Знаешь, Эстер, у тебя налицо все симптомы неврастении.
Так ты ничего не добьешься, так ты ничего не добьешься, так ты ничего не добьешься…
Однажды душным летним вечером я целый час целовалась с волосатым, похожим на обезьяну студентом-юристом из Йеля, потому что пожалела его – такой он был страшный. Когда мы перестали целоваться, он сказал:
– Я тебя вычислил, крошка. К сорока годам ты станешь законченной ханжой.
«Надуманно!» – начертал преподаватель по творческому мастерству в колледже на моем рассказе под названием «Большой уик-энд».
Я не знала, что такое надуманно, поэтому заглянула в словарь. Надуманно, искусственно, притворно.
Так ты ничего не добьешься.
Я не спала три недели. Мне казалось, что самое красивое на земле – это, наверное, тени. Миллионы движущихся очертаний и замкнутых пространств теней. Тени прятались в ящиках комодов, в шкафах и чемоданах, их отбрасывали дома, деревья и камни, они скрывались за человеческими взглядами и улыбками, и многие километры теней жили на ночной стороне планеты.
Я посмотрела на две полоски лейкопластыря телесного цвета, наклеенные крест-накрест на икре моей правой ноги.
В то утро я предприняла первую попытку.
Я заперлась в ванной, напустила полную ванну теплой воды и достала жиллетовское лезвие.

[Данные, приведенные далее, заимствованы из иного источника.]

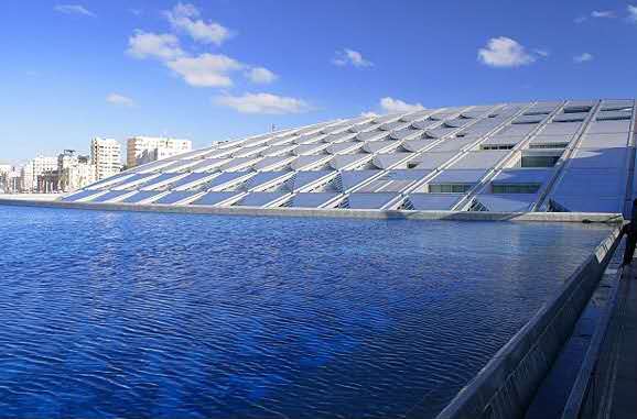 1995年后重建了亞歷山大圖書館,占地4萬平方米,它不僅是埃及的重點建筑項目,也是聯(lián)合國教科文組織在世界范圍內(nèi)的重大科研和建筑項目,它的造型是從77個國家的設計中優(yōu)選的

Когда одного древнеримского философа или кого-то еще спросили, как он хочет умереть, тот ответил, что вскроет себе вены в теплой ванне. Я подумала, что это окажется легко – лежать в ванне и видеть, как от запястий расплывается краснота, толчок за толчком заполняя чистую воду, пока я не погружусь в сон под водной гладью, яркой, как маки.
Но когда я почти решилась, кожа на запястье показалась мне такой белой и беззащитной, что у меня не хватило духу. Казалось, то, что я хотела убить, заключалось не в коже и не в тонкой синеватой ниточке, пульсирующей у основания большого пальца, но где-то еще, глубже, в потаенном месте, куда добраться гораздо труднее.
Понадобится совершить два движения. Одно запястье, потом другое. Даже три движения, если считать перемещение лезвия из руки в руку. Потом я залезу в ванну и лягу.
Я придвинулась к шкафчику с лекарствами. Если бы я тогда посмотрела в зеркало, я бы увидела кого-то другого, как в книге или пьесе. Но отражавшийся в зеркале человек был парализованным и слишком отупевшим, чтобы хоть что-то сделать.
Потом я подумала, что, может, надо пустить немного крови, чтобы отточить движения, села на край ванны и положила лодыжку правой ноги на левое колено. Затем я подняла правую руку с лезвием и отпустила ее, чтобы та упала под собственной тяжестью, как гильотина, на икру правой ноги.
Я ничего не почувствовала. Затем ощутила где-то внутри легкую дрожь, и на месте разреза появилась ярко-красная ямка. Кровь быстро собиралась, темная, словно вишня, и стекала по лодыжке в мою черную кожаную лакированную туфлю.
Я было подумала залезть в ванну, но тут поняла, что мои эксперименты заняли почти все утро и что скоро, наверное, вернется мама и обнаружит меня прежде, чем все будет кончено. Поэтому я перевязала порез, убрала жиллетовские лезвия и поспешила на автобус в Бостон, уходящий в половине двенадцатого.
– Извините, девушка, метро не ходит к тюрьме на Оленьем острове, она же на острове.
– Нет, не на острове, это раньше она была на острове, но там сделали земляную перемычку, и теперь она соединяется с материком.
– Метро туда не ходит.
– Но мне надо туда попасть.
– Эй! – Сидевший в кассе толстяк поглядел на меня сквозь решетку. – Не надо плакать. У тебя что, кто-то из родни там сидит, милочка?
Люди толкались и налетали на меня в озаренной искусственным светом темноте, спеша к поездам, с грохотом выкатывавшимся из похожих на кишки туннелей под Сколлей-сквер. Я чувствовала, как из моих красных распухших глаз текут слезы.
– У меня отец там.
Толстяк посмотрел на схему, висящую на стене кассы.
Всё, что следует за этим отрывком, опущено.